Levosimendan is a class of drugs known as calcium sensitizers. The molecule is a pyridazinone-dinitrile derivative with additional action on adenosine triphosphate (ATP)–sensitive potassium channels.67,89,90 Levosimendan is used intravenously for treating decompensated heart failure (HF) because it increases contractility and produces antistunning effects without increasing myocardial intracellular calcium concentrations or prolonging myocardial relaxation. Levosimendan also causes coronary and systemic vasodilation. In patients with HF, IV levosimendan reduced worsening HF or death significantly. IV levosimendan significantly also increased cardiac output and decreased filling pressure in decompensated HF in large, double-blind, randomized trials and after cardiac surgery in smaller trials. Levosimendan is well tolerated without arrhythmogenicity. In addition to sensitizing troponin to intracellular calcium, levosimendan inhibits phosphodiesterase III and open ATP-sensitive potassium channels (KATP), which may produce vasodilation. Unlike currently available intravenous inotropes, levosimendan does not increase myocardial oxygen use, and has been used effectively in beta-blocked patients. Levosimendan does not impair ventricular relaxation. Clinical studies have demonstrated short-term hemodynamic benefits of levosimendan over both placebo and dobutamine. Although large-scale, long-term morbidity and mortality data are scarce, the Levosimendan Infusion versus Dobutamine in Severe Low-Output Heart Failure (LIDO) study suggested a mortality benefit of levosimendan over dobutamine. Clinical studies comparing levosimendan with other positive inotropes, namely, milrinone, are lacking, and this agent is not available in North America.

Clinical Trials

Despite their common use after cardiac surgery, there have been relatively few comparative studies of inotropic agents in the perioperative period. In 1978, Steen and colleagues reported the hemodynamic effects of epinephrine, dobutamine, and epinephrine immediately after separation from CPB.91 The largest mean increase in cardiac index was achieved with dopamine at 15 g/kg per minute. However, it should be noted that the only epinephrine dose studied was 0.04 g/kg per minute. In a later comparison of dopamine and dobutamine, Salomon and colleagues concluded that dobutamine produced more consistent increases in cardiac index, although the hemodynamic differences were small, and all patients had good cardiac indices at the onset of the study.92 Fowler and colleagues also found insignificant differences in the hemodynamic effects of dobutamine and dopamine, although they reported that coronary flow increased more in proportion to myocardial oxygen consumption with dobutamine.93 Although neither of these groups reported significant increases in heart rate for either dopamine or dobutamine, clinical experience has been otherwise. This is supported by a study by Sethna and colleagues, who found that the increase in cardiac index with dobutamine occurs simply because of increased heart rate, although they found that myocardial oxygen was maintained.94 Butterworth and colleagues subsequently demonstrated that the older and much cheaper agent, epinephrine, effectively increased stroke volume without as great an increase in heart rate as dobutamine.95 More recently, Feneck and colleagues compared dobutamine and milrinone and found them to be equally effective in treating low-cardiac-output syndrome after cardiac surgery.96 This study was a comparison of two drugs, and the investigators emphasized that the most efficacious therapy is probably a combination of drugs. In particular, phosphodiesterase inhibitors require the synthesis of cyclic AMP to be effective, and thus use of a combination of a beta1-adrenergic agonist and a phosphodiesterase inhibitor would be predicted to be more effective than either agent alone.

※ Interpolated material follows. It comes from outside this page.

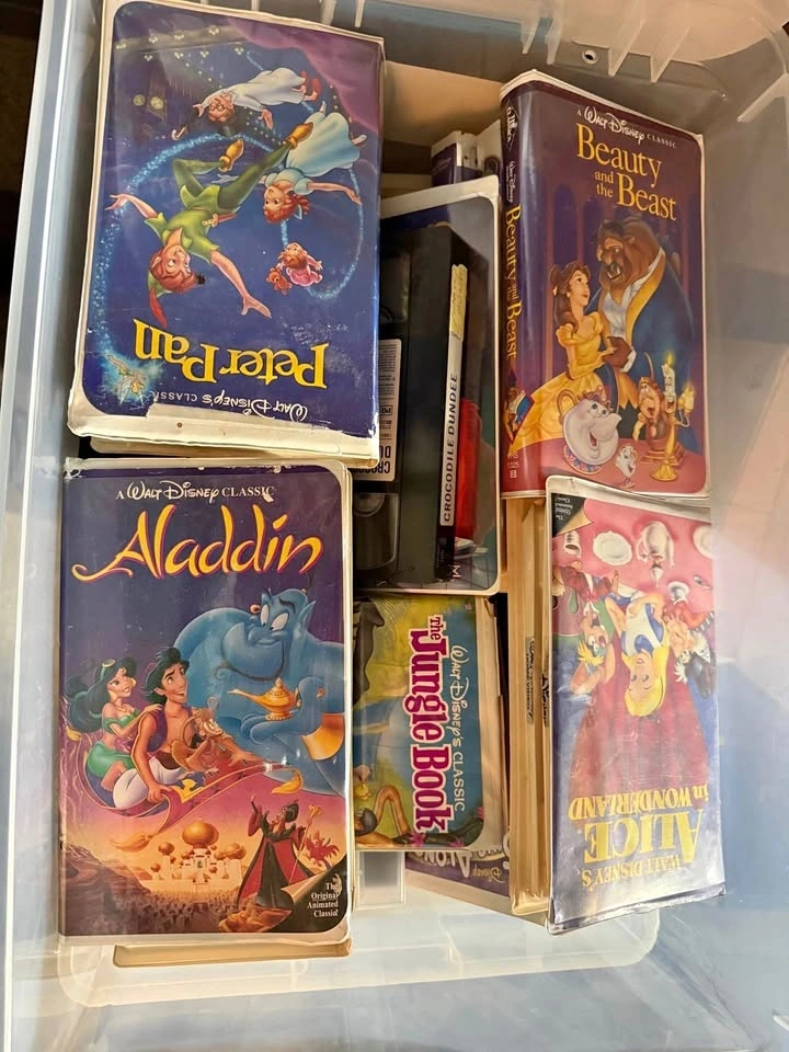 About 70+ VHS tapes, including many Disney classics perfect for kids and grandkids! Also includes titles like Spartacus and Schindler's List. I will not reply to 'Is it still available?' messages.

Finally, while global hemodynamic goals (ie, heart rate, blood pressure, filling pressures, and cardiac output) may be achieved with inotropic agents, this does not guarantee adequate regional perfusion, in particular renal and mesenteric perfusion. So far there have been few investigations of regional perfusion after cardiac surgery. There has been more interest in regional (especially mesenteric) perfusion in the critical care medicine literature, and some of the studies may be relevant to postoperative care of the cardiac surgical patient. Two studies have indicated that epinephrine may impair splanchnic perfusion, especially in comparison with combining norepinephrine and dobutamine.97,98 Norepinephrine alone has variable effects on splanchnic blood flow in septic shock,99 although adding dobutamine can improve splanchnic perfusion significantly when blood pressure is supported with norepinephrine.98 Low-dose dopamine improves splanchnic blood flow,100 but there is evidence that dopamine in higher doses impairs gastric perfusion.101 The relevance of these studies of septic patients for the cardiac surgical patient is unclear, although there are similarities between the inflammatory responses to CPB and to sepsis.

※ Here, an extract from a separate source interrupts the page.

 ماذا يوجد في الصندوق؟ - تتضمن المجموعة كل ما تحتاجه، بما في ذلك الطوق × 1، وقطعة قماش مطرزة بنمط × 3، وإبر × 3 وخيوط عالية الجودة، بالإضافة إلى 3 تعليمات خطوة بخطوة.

CPB often is characterized by derangements of vascular tone. Sometimes CPB induces elevations in endogenous catecholamines, as well as other mediators, such as serotonin and arginine vasopressin (AVP), leading to vasoconstriction. However, often CPB is characterized by endothelial injury and a systemic inflammatory response, with a cascade of cytokine and inflammatory mediator release and profound vasodilation. The pathophysiology has a striking resemblance to that of sepsis or an anaphylactic reaction. Further, vasodilation after cardiac surgery may be exacerbated by the preoperative use of angiotensin-converting enzyme (ACE) inhibitors and post-CPB use of milrinone.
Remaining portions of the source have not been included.